There only is one issue, if it can be called that, on which both "major" parties agree: make matters as difficult as possible for another party to obtain equal status, especially access to placement on the ballots. The individual parties are not named in Indiana statutes that regulate primaries. The parties do not have to be named. There have been other parties, always - as long as I can remember, and from what I have read - called "third" parties. Occasionally a candidate for (what usually is not a major) office from such a party will draw a respectable number of votes. Rarely, a third-party candidate will win. The reality is that the two major parties hold the lock and all sets of keys to the system . . .
The two "major" political parties have used (or some would say "abused") the mechanisms of government to preserve their forms and dominance, and advance their interests, by statute. . . . The two parties control the basic structure of the election process . . . These statutes were enacted by the General Assembly and signed into law by the Governor. The majorities in both houses and the governor were Democrats and Republicans. It is reasonable to infer the legislation in which they take the keenest interest and upon which their political lives depend - that encompassing election laws - was drawn in such a way as to give their parties control . . . A voter otherwise eligible should be able to vote in the primary election of either party for several reasons.The whole article is well worth a read.
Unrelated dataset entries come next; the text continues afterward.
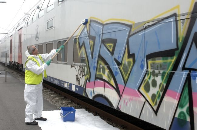De groep bevat 22 digitale foto's. Twee personeelsleden van de Technische Onderhoudspost (TOP) Schaarbeek verwijderen de graffiti van een M 6-rijtuig. Zij dragen beschermende kledij. Eerst wordt een schoonmaakproduct aangebracht met behulp van borstels. Daarna worden de moeilijke vlekken met een krabber en spons bewerkt. En tot slot wordt de trein met water gereinigd.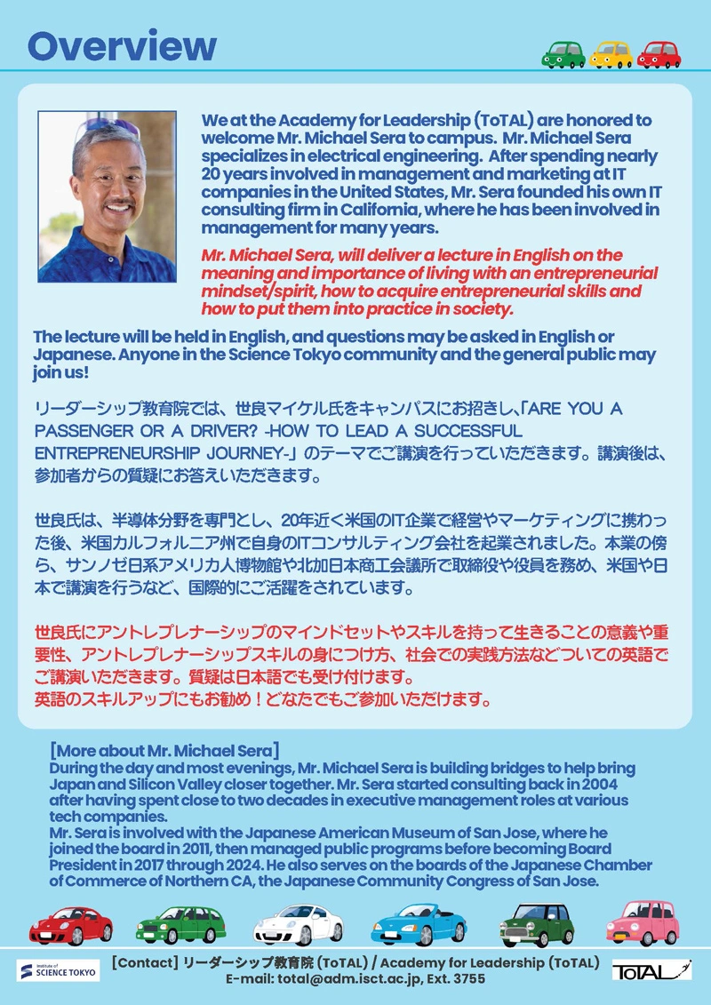 Mr. Sera will give a talk in English on the meaning and importance of living with an entrepreneurial mindset/spirit, how to acquire entrepreneurial skills and how to put them into practice in society. The lecture will be conducted in English, and questions may be asked in Japanese.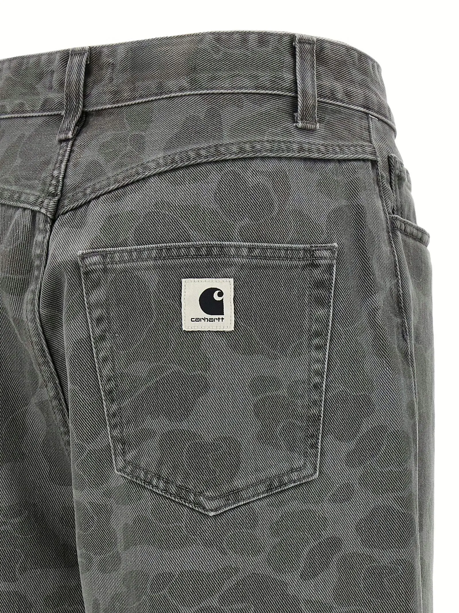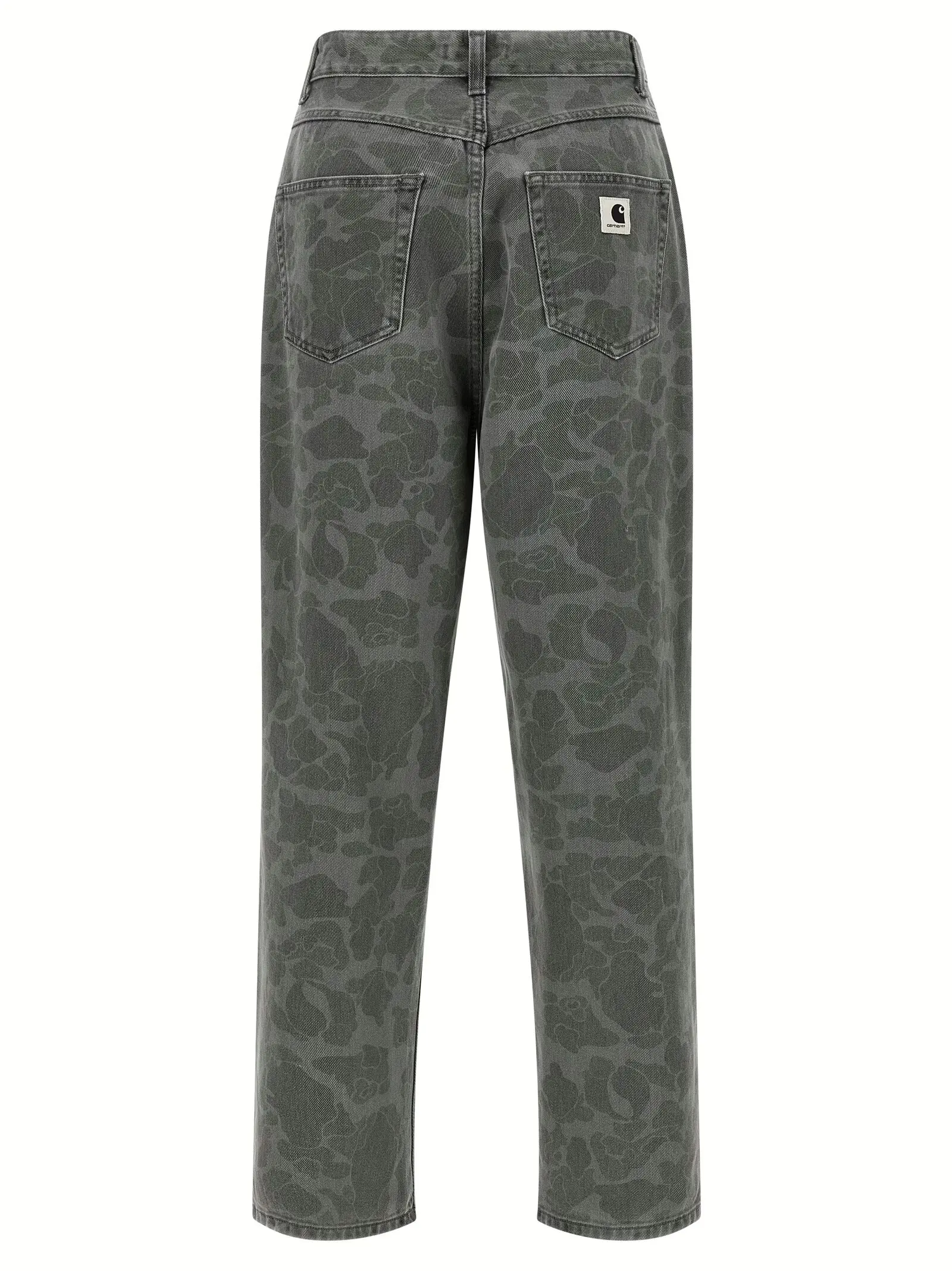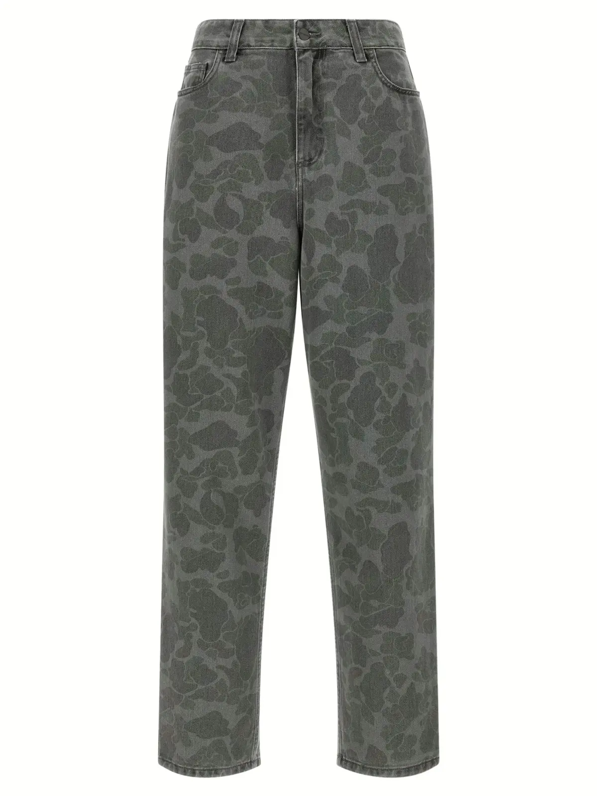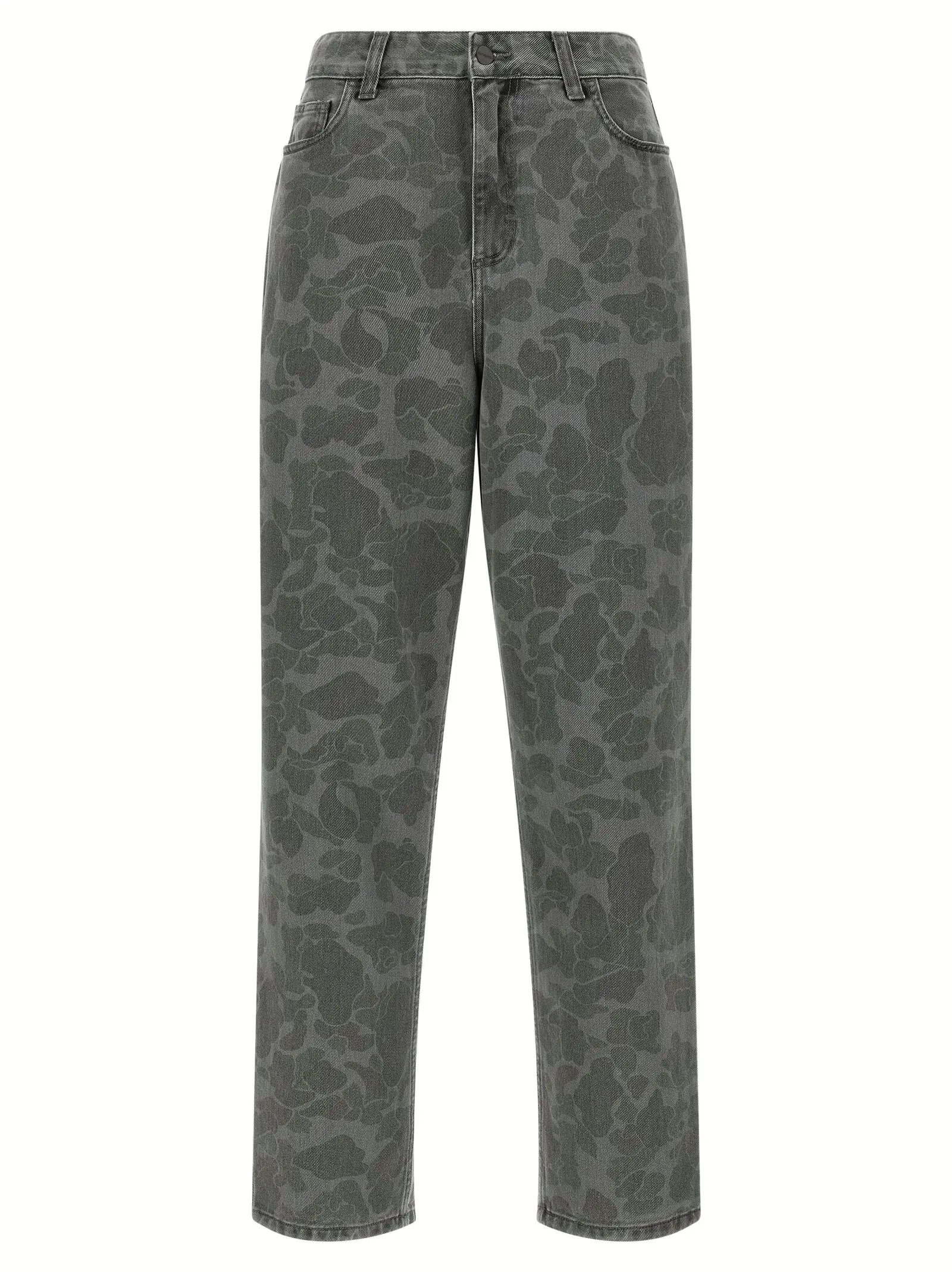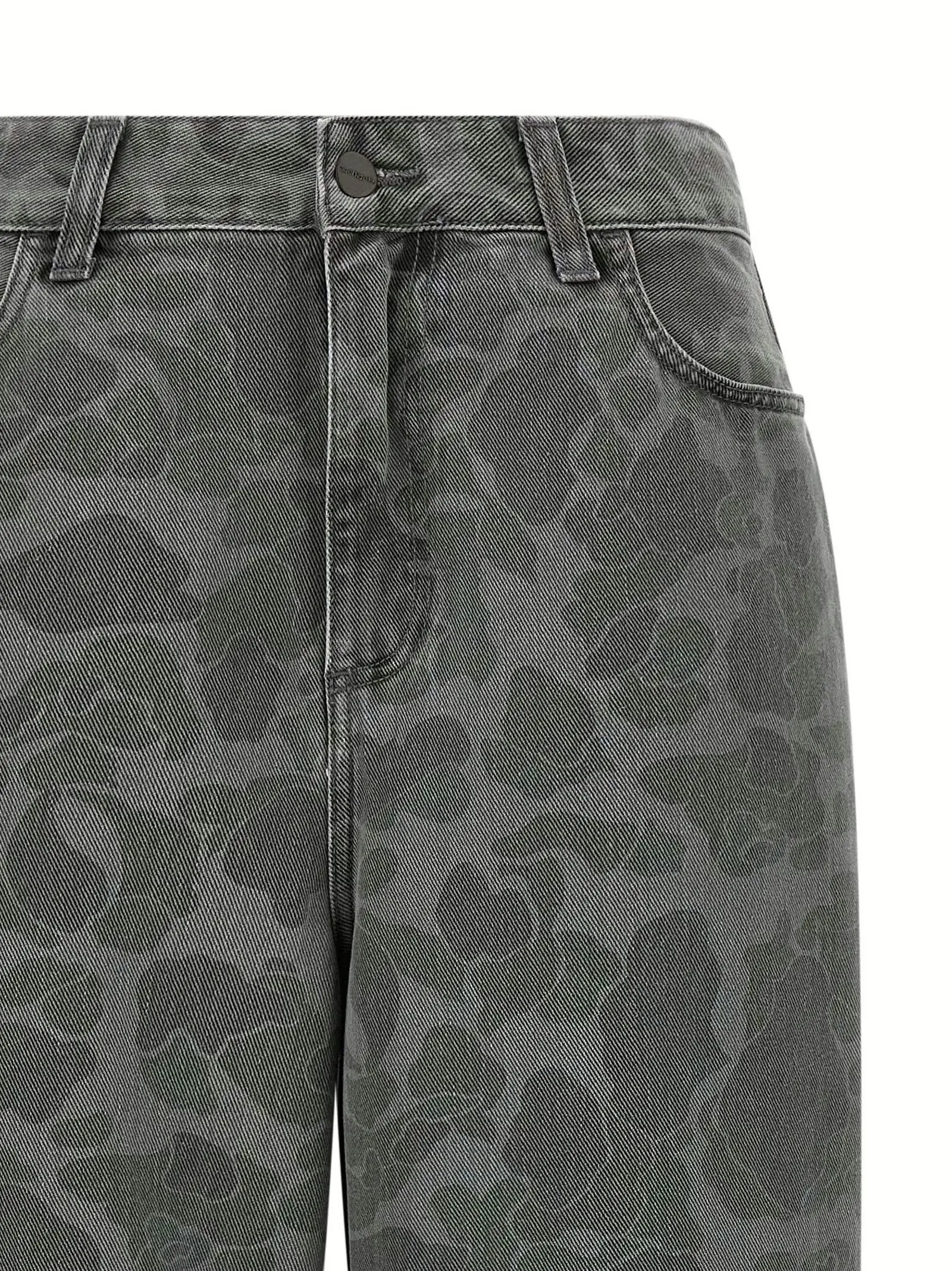 Елегантні жіночі джинси з високою талією з важкого деніму з органічної бавовни, виконані в сіро-кольоровій камуфляжній гамі з ефектом зношеності. Витончений крій з вузькими штанинами, функціональність п’яти кишень та фірмовий логотип підкреслюють статус і сучасний стиль, створюючи універсальний образ преміум-класу.

The piece contains a number of fascinating tidbits. For instance, in Indiana, any poll worker or voter may challenge any other voter's right to cast a ballot in a party primary. Excerpt:
I.C. 3-10-1-6 allows a person to vote in a primary election for a specific party - Voter only can vote in one party's primary or the other - if the person is listed in the poll books for that precinct. There is a record of the party for which the person voted in the previous primary. But Voted can ask for a ballot in the other party's primary. It has been my experience that the poll workers ask a person "What ballot do you want?" I never have been asked a variation of "You have voted Democrat in the past. Is that the ballot you want?" I.C. 3-10-1-9 allows for Voter to be challenged at the primary. "A voter in a precinct may challenge a voter or person who offers to vote at a primary election. The challenged person may not vote unless the person (1) is registered; (2) makes: (A) an oral or written affirmation under IC 3-10-12; or (B) an affidavit ... (3) at the last general election voted for a majority of the regular nominees of the political parties for whose candidates the challenged person proposes to vote in the primary election and intends to vote for the regular nominees of the political party at the next general election; or (B) if the challenged voter did not vote at the last general election, intends to vote at the next general election for a majority of the regular nominees of the political party holding the primary election."Are there such laws on the books in any other states?